- Church: Roman Catholic Church
- Archdiocese: Pamplona
- See: Pamplona
- Appointed: 15 February 1958
- Term ended: 23 November 1969
- Successor: José María Larrauri Lafuente
- Other post: Titular Bishop of Limisa (1958-72)

Orders
- Ordination: 25 July 1926 by Antonio Senso Lázaro
- Consecration: 11 May 1958 by Ildebrando Antoniutti

Personal details
- Born: Ángel Riesco Carbajo 9 July 1902 Bercianos de Vidriales, Zamora, Spain
- Died: 2 July 1972 (aged 69) La Bañeza, León, Spain
- Buried: Iglesia de Santa María de La Bañeza

Sainthood
- Venerated in: Roman Catholic Church
- Attributes: Episcopal attire
- Patronage: Misioneras Apostólicas de la Caridad

= Ángel Riesco Carbajo =

Spanish Roman Catholic prelate

Ángel Riesco Carbajo (9 July 1902 – 2 July 1972) was a Spanish Roman Catholic prelate who served as a bishop in the Pamplona archdiocese and was the founder of the Misioneras Apostólicas de la Caridad. Riesco spent some time in Argentina as an emigrant before he returned to his homeland for a scholarship that saw his ecclesial studies spent in Madrid and Santander. He served as a parish priest following his ordination and in 1957 in Astorga founded a religious congregation dedicated to women. Months later he became a bishop but retired a decade later due to poor health that he later died from not long after.

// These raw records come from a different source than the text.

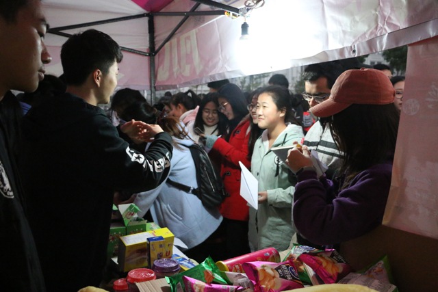 跳蚤市场则提供各类物美价廉的学习用品,生活用品以及回收的二手闲置物品,带领同学们在新的一年里继续低碳环保。美食乐园里儿时的回忆大白兔,老北京特色冰糖葫芦,老天津蜜麻花和散发芬芳气味的鲜花饼给身处异乡的人儿丝丝甜意。
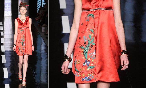 Bordado delicado aparece no vestido vermelho da grife Oh Boy
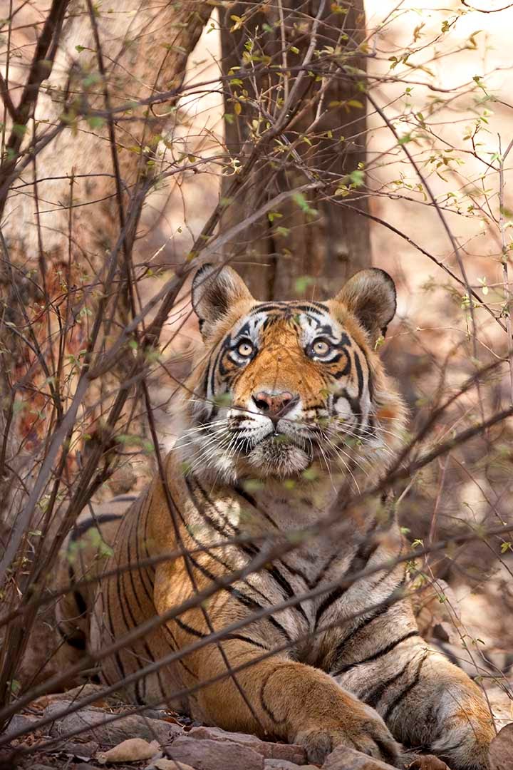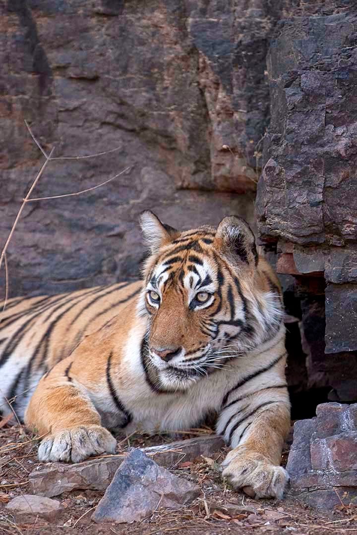 Here are some other shots of tigers taken by Anjali and Jaisal Singh in Ranthambore. The tigers there, protected, are the noblest creatures. They’re very large-scale, and their feet seem enormous. They roam for miles. They are camouflaged in the flickering shadows of trees, but their markings are distinct and very clearly defined.. They look so healthy and pristine—it’s easy to imagine that at night they might return to a luxury tent where they are brushed and groomed and their teeth are polished, and they’re given their vitamins and a sumptuous deer or two for supper.
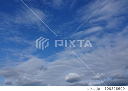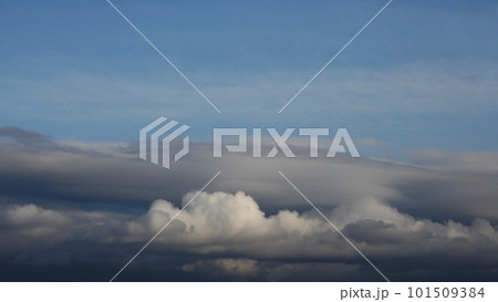 青空と多様な雲が現れた清々しい夕方の空・春・広角・空限定・230318pm
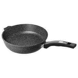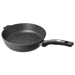 Сковорода 30см с антипригарным покрынием и несъемной ручкой серии "Гранит black". Подходит для всех типов плит, кроме индукционных. Можно использовать в посудомоечной машине.
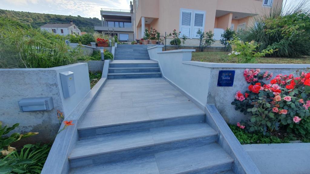 Zbrusu nové, plně vybavené apartmány v klidné a malebné vesničce Soline v severozápadní části ostrova Dugi Otok. Apartmány se nacházejí v první řadě u moře a jsou vzdálené pouhých 30 metrů od nejbližší oblázkové pláže v samotné vesnici a 10 minut chůze od jedné z nejkrásnějších písečných pláží na Jadranu, zátoky Sakarun.
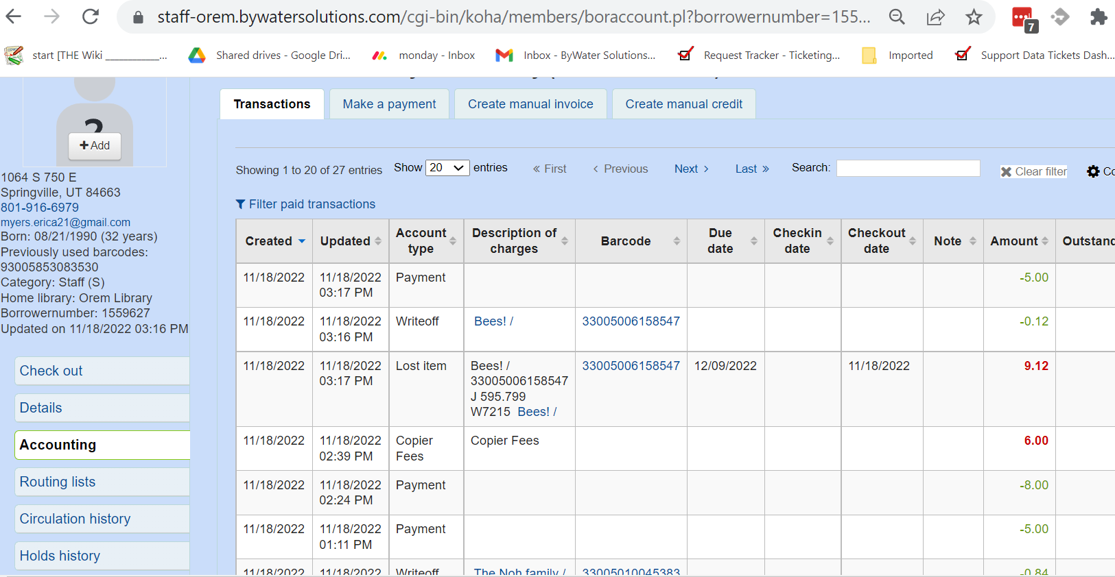 Created attachment 144183 [details] Title and Barcode don't show on on the transaction history or on the details I think this is a dual problem. In my opinion, the title of the item paid should be on both the overview of the accounting transaction and ALSO on the detail screen. As you'll see in this new attachment, there is also no title or barcode if you go to see further details. Why does it show the title and barcode when a write off happens, but not when a payment is made? That makes no sense at all, to me. I can only imagine that this is a recent problem and it hasn't always been this way.
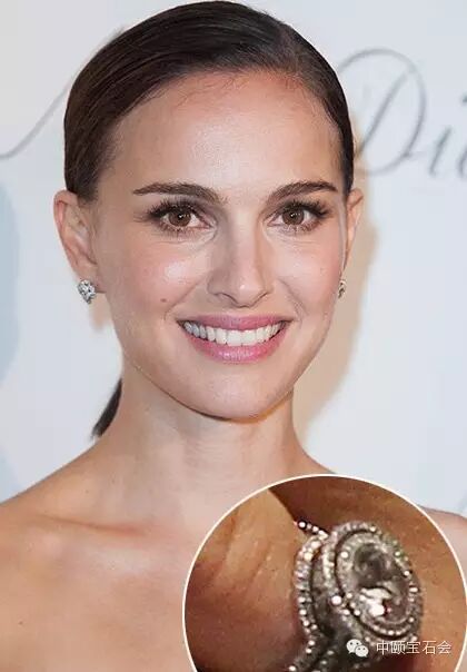 本杰明·米派德在珠宝设计师Jamie Wolf的帮助下,为娜塔丽·波特曼设计了一款圆形钻石切割戒指,十分符合波特曼追求简约环保的理念。

Riesco's beatification process launched in 1994 and he became titled as a Servant of God. His cause advanced in mid-2019 after Pope Francis named him Venerable upon confirming that the late bishop had practiced heroic virtue throughout his life.

==Life==
Ángel Riesco Carbajo was born on 9 July 1902 in Bercianos de Vidriales in the Zamora department in Spain as the first of three children. In his childhood he emigrated to Argentina when he was eight but later returned to his homeland after he turned twelve.

He commenced his ecclesial studies under the Jesuits at the Comillas Pontifical University in Madrid and also in Santander after he had received a scholarship. Riesco received his ordination to the priesthood in Astorga on 25 July 1926 from the diocesan bishop Antonio Senso Lázaro and following this celebrated his first Mass on 22 August in his hometown parish. He first started as a coadjutor for the San Salvador parish in La Bañeza where he founded a small Catholic Action group since he prioritized working with them as an apostolic movement. In 1932 he founded the newspaper El Adelanto Bañezano.

He was considered a good catechist that cared for the poor and tended to the sick and who also had a profound devotion to both the Mother of God and Saint Joseph. This helped characterize his pastoral career since he made these the focus for his mission as a priest. He also collaborated with Catholic Action and other apostolic movements that helped to promote the faith.

In 1957 he was appointed as the vicar general for the Astorga diocese where - also in 1957 - he founded the Misioneras Apostólicas de la Caridad. This came after he made it a focus for his time in Astorga to focus on helping women who faced disadvantaged economic situations. Pope Pius XII named Riesco on 15 February 1958 as the Titular Bishop of Limisa and the Auxiliary Bishop of Pamplona; he received his episcopal consecration on 11 May from Ildebrando Antoniutti while the co-consecrators were the Bishop of Astorga José Castelltort Subeyre and the Bishop of Jaca Ángel Hidalgo Ibáñez. Riesco attended the first as well as the third and fourth sessions of the Second Vatican Council.
Riesco retired his position on 23 November 1969 due to poor health and moved to La Bañeza where he would dedicate himself to the governance and works of his order. He died there on 2 July 1972 due to a heart attack and his remains are interred in the Santa María de La Bañeza church. His order received papal approval from Pope John Paul II on 15 August 1982 (a decade following Riesco's death) and it now extends to countries such as Peru and Mexico.

==Beatification process==
The beatification process opened on 26 May 1994 after the Congregation for the Causes of Saints named Riesco as a Servant of God upon issuing the formal "nihil obstat" (no objections) edict; the diocesan process was conducted from 12 October 1995 until 1 May 1997 while the C.C.S. validated the process on 24 April 1998 as having done its work. The Positio dossier was submitted to the C.C.S. in 2016 for assessment. Pope Francis named Riesco as Venerable on 5 July 2019 after confirming that the late bishop lived a life of heroic virtue.

Riesco's beatification depends upon papal confirmation of a miraculous healing attributed to him that neither science or medicine could explain. The possible miracle for beatification was investigated in the diocese of its origin from 14 April 2004 until some months later on 12 October. The C.C.S. validated this process on 27 April 2007.

The current postulator for this cause is Dr. Silvia Mónica Correale.